What qualifies as a nap? It takes me hours to fall asleep at night, so the whole time I have my eyes closed before I go to sleep is that a nap?

I did it my freshman year in college. It was… interesting.

Pavlina’s is a really great log. I think, though, he makes it look too easy. The adjustment period took me over a month (which is to say, 5 weeks to accumulate two consecutive weeks of sleeping according to the cycle). And when I got there… I found myself somewhat bored most of the time, and still tired (although no where NEAR as tired as I should have been). I experienced it, and then got off.

If your goal is size, yeah, polyphasic sleep is not for you. I think it may work better for strength athletes, because you’d theoretically be able to lift less and more frequently. Just a theory though- I wasn’t lifting when I did my stint, and I was vegetarian (don’t think it gave me the advantage it gave pavlina).

Thanks OTEP. So how long did you stay on it after the adjustment period?

I was intersted in it just because I’m a terrible sleeper. I’ve always had a feeling that the ‘normal’ way of sleeping didn’t really suit me but didn’t even consider the possibility of an alternate pattern.

I might just have to keep the idea in the back of my head. Although I could easily work this into my schedule right now my training is just too important to me at the moment.

I might give it a try someday… will let you know how I go.

[quote]GCF wrote:
Thanks OTEP. So how long did you stay on it after the adjustment period?

I was intersted in it just because I’m a terrible sleeper. [/quote]

ZMA

I often dream when I nap.

Honestly… It took me five weeks to get through the consecutive two-week adaptation phase, I spent a week on the sleep schedule, and then decided to switch back.

Many things have occurred in my life where I bust my ass desperately to acheive a goal, and then as soon as I’ve acheived it, realized I don’t really care about it.

So a week.

If you’ve got sleep problems, it could be any number of things, from poor diet and excess alcohol to rapidly changing sleep patterns to stress. I wouldn’t go with ZMA, but Z-12, because I hear good things about it, and ZMA didn’t do a whole lot for me (I didn’t exactly have a zinc deficiency, I believe).

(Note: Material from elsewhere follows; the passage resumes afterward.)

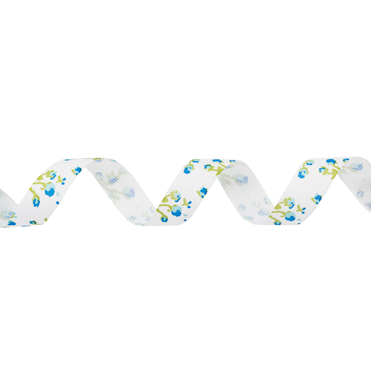 Лента репсовая (в рубчик) Розочки 1,5см*22.86 м (голубой)
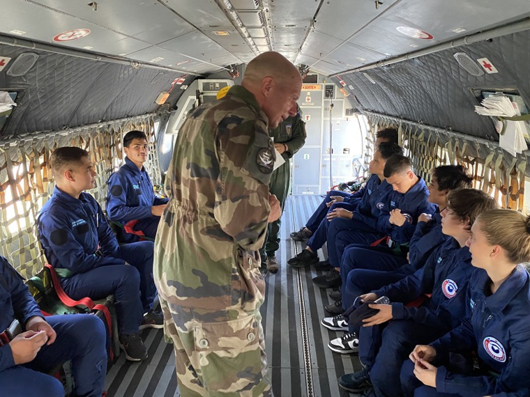 Les jeunes des Escadrilles Air Jeunesse qui s'installent dans le CASA CN-235. Crédit photo : Thibault Segalard.

If you do try it… good luck. It is simple, but not easy. I recommend investing in a subscription to the World Of Warcraft, and an egg-timer. Alarm clocks WILL fail you if you set them six times a day.

I remember awhile back, TC wrote something about historically, people used to sleep in increments, like four hours at a time, or something like that. Does anyone else remember him writing about that?

Steve no longer is on the polyphasic sleep schedule. You might want to try asking current polyphasic bloggers for some info.

Here’s a list of some:
http://polyphasic.dyndns.org

[quote]IronAbrams wrote:
I think there was a Seinfeld episode where Kramer tried this.

Supposedly out of all the alternative sleeping cycles this is the one that produces the closest results to a normal 8 hours of sleep.[/quote]

haha, saw that episode just the other day!

Edison practiced a similar sleeping habit. It seemed to work just fine for his creative, analytical and industrious lifestyle.

many people have different sleep patterns… many tribes in the amazon/jungles sleep a lot during the day just because its hot or there is nothing to do and talk all night.

Read about it, but probably won’t be trying it… I’d rather sleep in a regular pattern and give lucid dreaming a shot.

It’s easier to fit in for most peoples lifes, lets you keep your 8 hrs of regeneration time - and you can practice all kinds of stuff in you lucid dreaming time (martial arts training, the o-lifts …whatever) without straining your body.